**Data entries:**
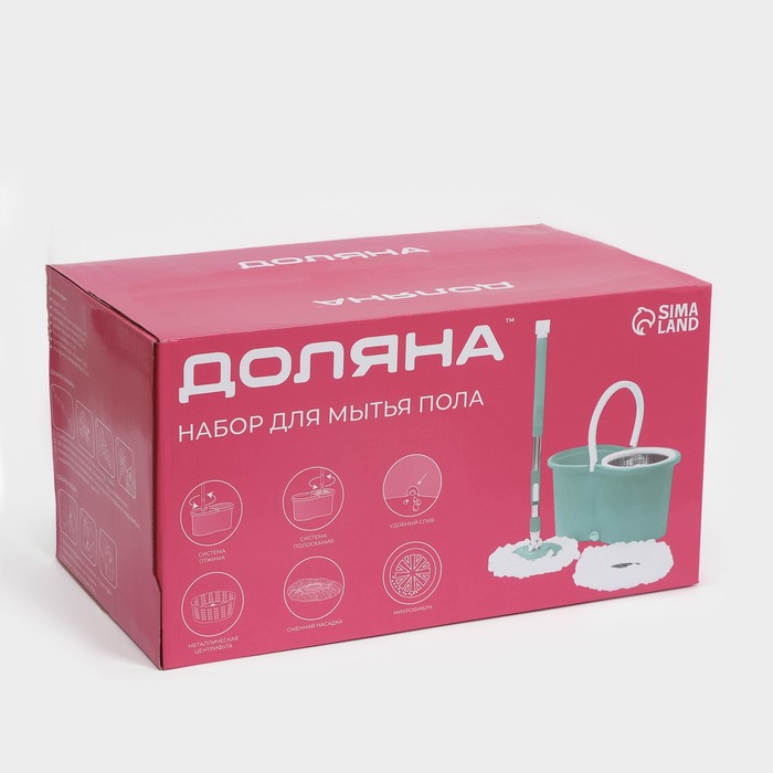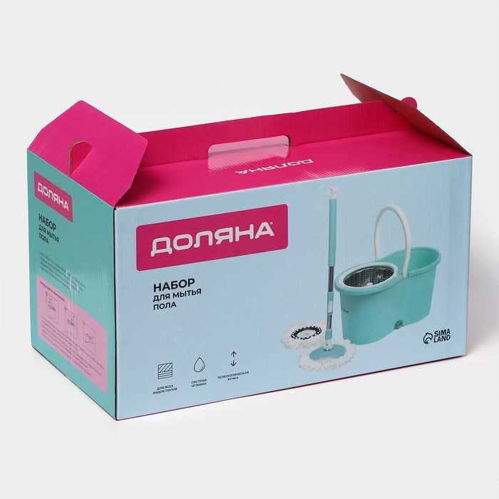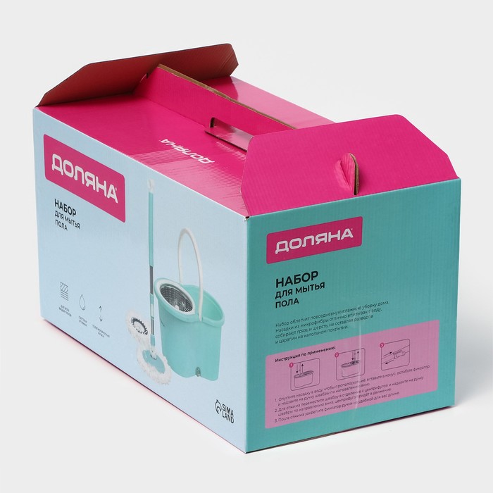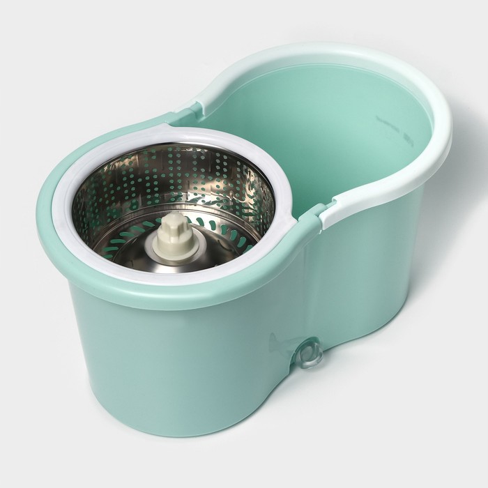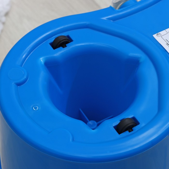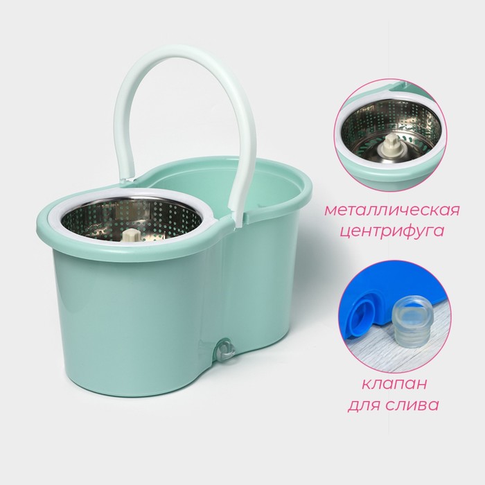 Ведро объемом 14 л позволяет забыть о необходимости наклоняться и пачкать руки в грязной воде. Подвижная часть ручки швабры легко опускается и обеспечивает вращение насадки как в отсеке для полоскания, так и в центрифуге для отжима. Вы без труда можете контролировать уровень влажности моющей части за счет количества вращений. Металлическая центрифуга отжима, более долговечна, чем пластиковая.
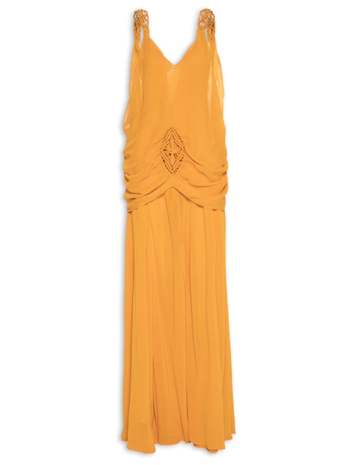 Vestido Longo Com Sobreposição E Macramê, Animale.
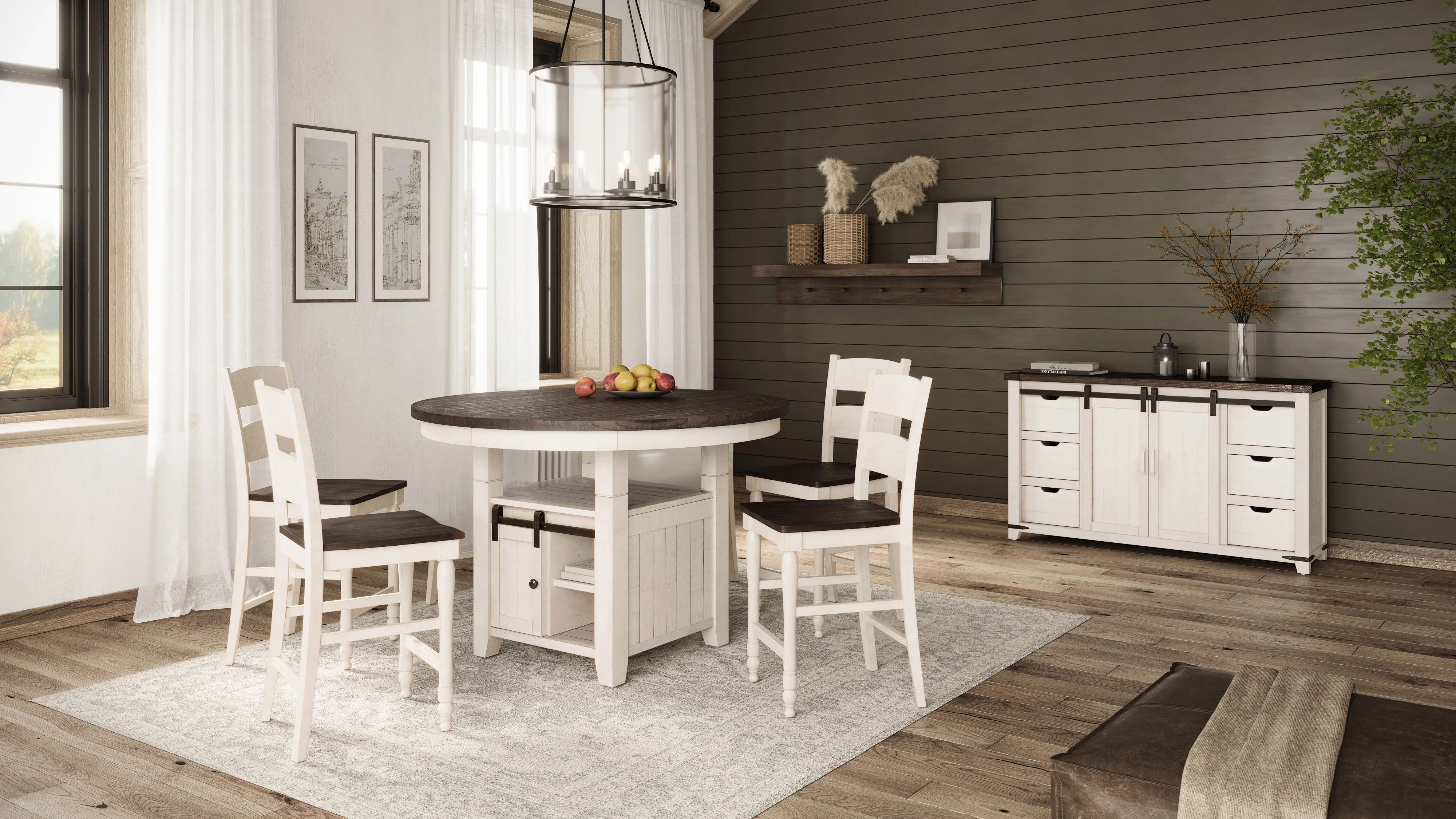 Elevate your dining experience with the charm of rustic farmhouse style embodied in this reclaimed solid wood counter height dining set. The centerpiece, a 54" diameter table, exudes warmth and character with its heavily distressed wood and vintage white finish on the base. Crafted with a keen eye for both aesthetics and functionality, the pedestal base boasts a built-in storage shelf, perfect for displaying your favorite dining essentials, while a storage cabinet concealed behind rolling barn doors offers ample space for stowing away table linens or dinnerware. Complete with your choice of either four or six matching counter height barstools, this set invites cozy gatherings and culinary adventures. Embrace the allure of country living with every meal shared around this exquisite dining ensemble.
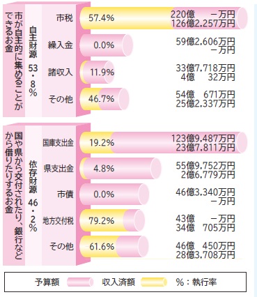 皆さんに市の財政状況を知っていただくために、令和7年度上半期(令和7年4月~9月)の収入・支出の状況をお知らせします。
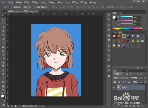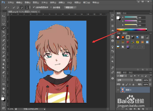 利用ps软件打开要更改布景颜色的照片。
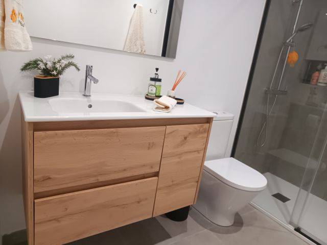 Ground floor of 50 m2: We have the main entrance to the living - dining room and from here we go to the beautiful fitted kitchen with an American counter . with access to the courtyard. This is equipped with induction plate, electric oven, double fridge - Combi, dishwasher and microwave as well as inventory and kitchen utensils and further back is a small laundry area with washing machine. 1 toilet.
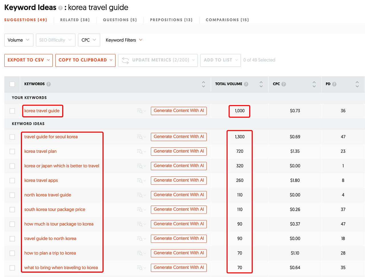 반면에 한국 여행 가이드북에 대한 검색량은 전세계적으로 한 달에 1,000명입니다.

**TASK:**
Your copy should hold exactly the lines from the one with "利用ps软件打开要更改布景颜色的照片。" through the final line of the records, both ends included, and no pictures.

**TASK SOLUTION:**
 利用ps软件打开要更改布景颜色的照片。
 Ground floor of 50 m2: We have the main entrance to the living - dining room and from here we go to the beautiful fitted kitchen with an American counter . with access to the courtyard. This is equipped with induction plate, electric oven, double fridge - Combi, dishwasher and microwave as well as inventory and kitchen utensils and further back is a small laundry area with washing machine. 1 toilet.
 반면에 한국 여행 가이드북에 대한 검색량은 전세계적으로 한 달에 1,000명입니다.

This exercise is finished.